*TRY IT*. Without any pictures, print the lines below from the one that has "Colgante de cruz" through the one that has "Matt Van Komen, the", exactly and nothing else.

*DATA PROVIDED*.

Content starts

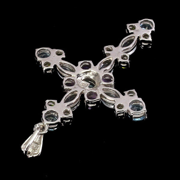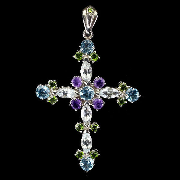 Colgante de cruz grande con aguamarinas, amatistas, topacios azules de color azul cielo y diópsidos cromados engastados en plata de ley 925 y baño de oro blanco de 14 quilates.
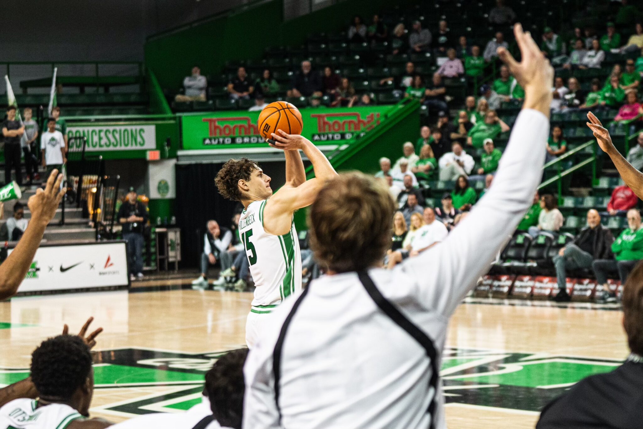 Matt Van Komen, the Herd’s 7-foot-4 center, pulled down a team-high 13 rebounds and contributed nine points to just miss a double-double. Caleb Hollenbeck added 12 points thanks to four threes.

Content ends
Content starts

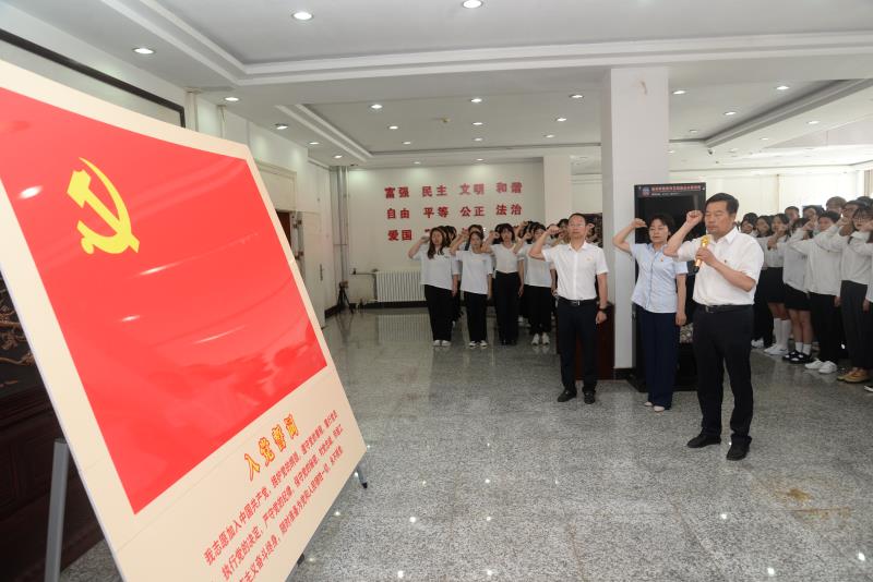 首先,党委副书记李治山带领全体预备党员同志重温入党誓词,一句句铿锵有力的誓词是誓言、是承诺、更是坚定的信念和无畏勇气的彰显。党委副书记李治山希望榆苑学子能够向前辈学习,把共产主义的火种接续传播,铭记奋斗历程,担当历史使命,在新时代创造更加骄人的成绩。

Content ends
Content starts

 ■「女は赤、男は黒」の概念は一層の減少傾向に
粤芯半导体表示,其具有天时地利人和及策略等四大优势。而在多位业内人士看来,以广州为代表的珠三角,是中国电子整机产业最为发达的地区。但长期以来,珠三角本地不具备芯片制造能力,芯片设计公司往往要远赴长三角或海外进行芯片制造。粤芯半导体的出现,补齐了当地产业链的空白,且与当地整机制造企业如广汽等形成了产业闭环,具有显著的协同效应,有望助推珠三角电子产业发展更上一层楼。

Content ends

*OUTPUT*.
 Colgante de cruz grande con aguamarinas, amatistas, topacios azules de color azul cielo y diópsidos cromados engastados en plata de ley 925 y baño de oro blanco de 14 quilates.
 Matt Van Komen, the Herd’s 7-foot-4 center, pulled down a team-high 13 rebounds and contributed nine points to just miss a double-double. Caleb Hollenbeck added 12 points thanks to four threes.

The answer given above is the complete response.